REVIEW: The Smoke Thief by Shana Abé

The Smoke Thief by Shana Abe

Smoke on the Water – The Smoke Thief

My dearest Romancelandia,

A few reviews back I told you, in no uncertain terms, that dragons didn’t do it for me in, y’know, a sex way.

Well, it turns out I was completely and utterly and comprehensively wrong.

Yours, in his bunk,

Just when I think I’m getting the hang of things around here, something happens that reminds me I still need my L-plates. The first chapter of The Smoke Thief introduces us to a sixteen year old shithead who is idly watching our heroine, Rue, as she gets into trouble with some mean girls. Later, we learn that he’s the alpha dragon in these parts and Rue has a crush on him, but he’s too busy banging other people to notice. When Rue vanishes, and is presumed dead by the tribe, I genuinely spent a few chapters believing that she was going to meet someone else (someone who, perchance, wasn’t a shithead), in basic recognition of the fact that the person you sorta fancied when you were fourteen is never going to be ideal life-partner material because, hello, you were fourteen and they were probably a shithead.

Anyway, this was incredibly wrong. The shithead was the hero, the heroine was in love with him all along, and that was totally okay, and they were meant to be together and blah blah blah. And, hum, I bet everyone else saw that coming a mile off. Personal genre recalibrations aside, I did really enjoy The Smoke Thief and I am now a fully paid up, card carrying member of the ‘dragons are hot’ club. Do we get badges? The last dragon-themed romance I read was Dragon Actually, and wangs aside, I didn’t get much sense of the reality of dragons from that book. Yes, they were very big and scaly, but I didn’t quite believe in them somehow, or develop a conception of them as being as meaningfully distinct from humans. To put it another way, Tolkein would probably have said they approached dracognitas rather than true draco. In The Smoke Thief, however, the sheer glorious awesome of being a dragon is given plenty of attention. I apologise, this is going to be a long quote but I didn’t have the heart to cut, well, any of it:

Ah. Her first breath was like inhaling snow, fiercely cold, sending light and energy through her entire being … She lifted her head and stole her second, delicious breath, bounding across the firmament, a phantom creature that matched the sun and those purer clouds: her body pearl white, her scales rimmed in gold.

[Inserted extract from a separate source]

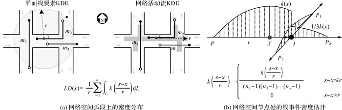 为了能够准确度量发生在道路网络空间中流事件的密度、全面分析流事件在网络空间中的分布模式,文献[90]提出了道路网络活动流的核密度估计方法。该方法首先构建了活动流密度分布函数,并分析单个流事件在道路网络空间中的密度分布;然后考虑到网络方向和拓扑关系估计道路网络空间的流密度,并顾及网络节点处密度计算的特殊情况,实现了道路网络流密度的精确估计,如图 6所示。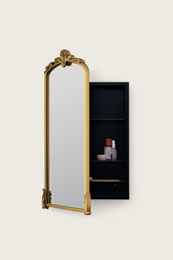 Elegant and quietly ornate, the Margot Medicine Cabinet elevates a functional essential into a refined design statement. Framed in a warm antiqued finish, its softly arched silhouette is accented with delicate sculptural detailing at the crown and base—an homage to classic European forms. The slim profile keeps the look light and architectural while discreetly concealing storage behind the mirror. Ideal for powder rooms and primary baths alike, Margot brings timeless charm, thoughtful craftsmanship, and polished presence to spaces where beauty and utility meet.

The drákon were sleeker than the depictions that survived in medieval tapestries and texts … living flame and speed and gilded wings that mastered the wind. No wonder the Others had rendered them so clumsy in their fables; in true life their radiance was almost incomprehensible, splinters of sky, as fatal and glorious as a hail of firelit arrows. (pg. 69)

I think even Tolkein would have to admit: that, my friends, is sheer draco.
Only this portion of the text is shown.